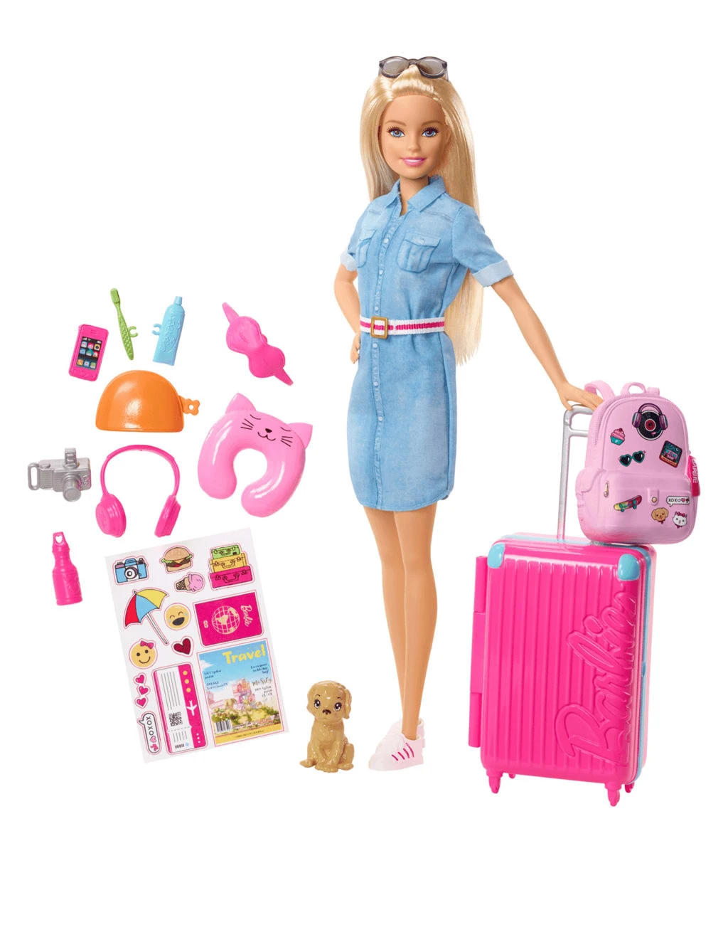 Barbie’s all set to head off on holiday in this fun travel playset. Denim-clad Barbie has everything ready to pack with her pillow and headphones to hand for a comfy trip. Children can enjoy imaginative play by decorating her suitcase with stickers, then packing it for her journey. The doll comes complete with an adorable puppy along with a backpack and essential travel accessories like a toothbrush, toothpaste, camera, eye mask, purse and phone. Suitable for children from 3 years.
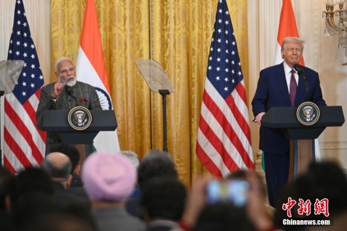 當(dāng)?shù)貢r(shí)間2月13日,華盛頓,美國總統(tǒng)特朗普與來訪的印度總理莫迪在白宮舉行會(huì)晤。圖為雙方在會(huì)晤后出席聯(lián)合記者會(huì)。中新社記者 陳孟統(tǒng) 攝
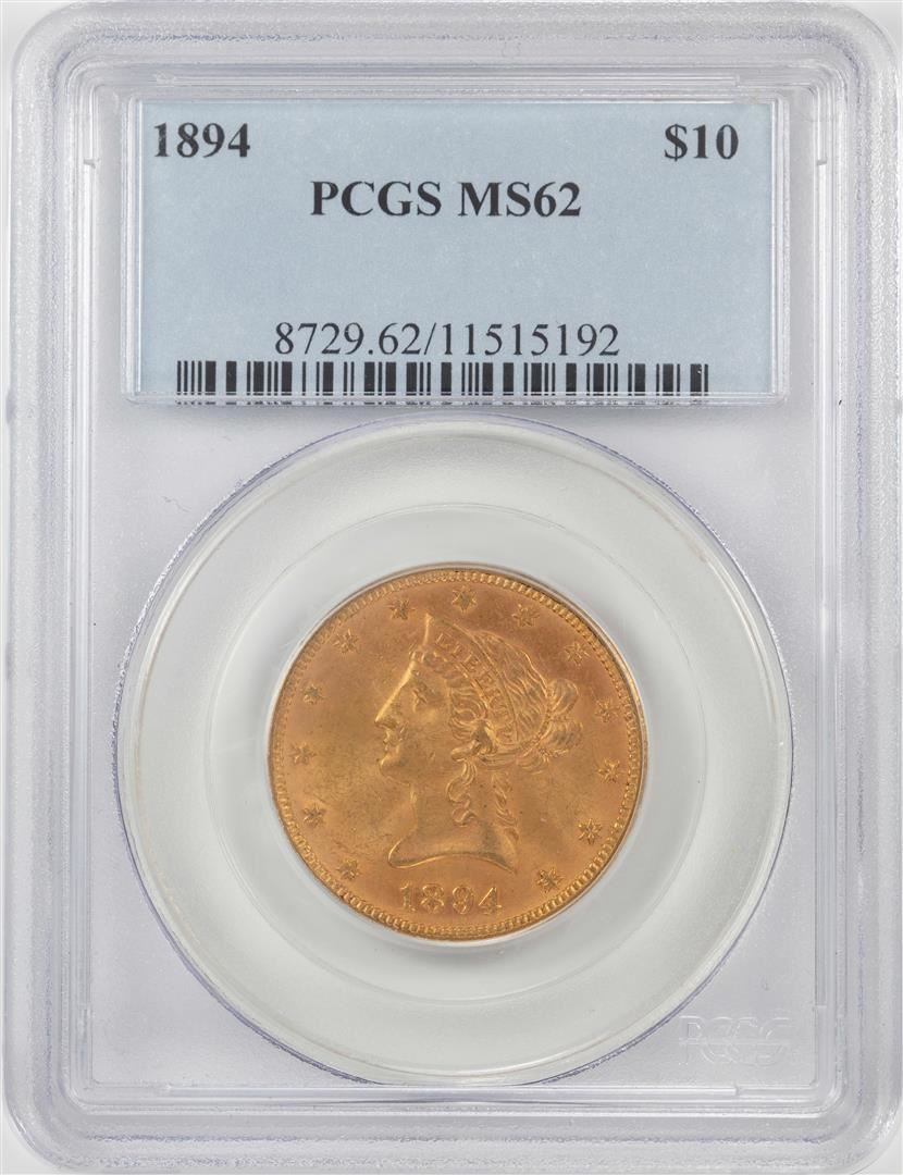 One 1894 $10 Liberty Head Eagle Gold Coin PCGS MS62. PCGS Graded.

TRY IT ->
Keep every word of the material exactly as given. Drop the pictures.

REPLY ->
 Barbie’s all set to head off on holiday in this fun travel playset. Denim-clad Barbie has everything ready to pack with her pillow and headphones to hand for a comfy trip. Children can enjoy imaginative play by decorating her suitcase with stickers, then packing it for her journey. The doll comes complete with an adorable puppy along with a backpack and essential travel accessories like a toothbrush, toothpaste, camera, eye mask, purse and phone. Suitable for children from 3 years.
 當(dāng)?shù)貢r(shí)間2月13日,華盛頓,美國總統(tǒng)特朗普與來訪的印度總理莫迪在白宮舉行會(huì)晤。圖為雙方在會(huì)晤后出席聯(lián)合記者會(huì)。中新社記者 陳孟統(tǒng) 攝
 One 1894 $10 Liberty Head Eagle Gold Coin PCGS MS62. PCGS Graded.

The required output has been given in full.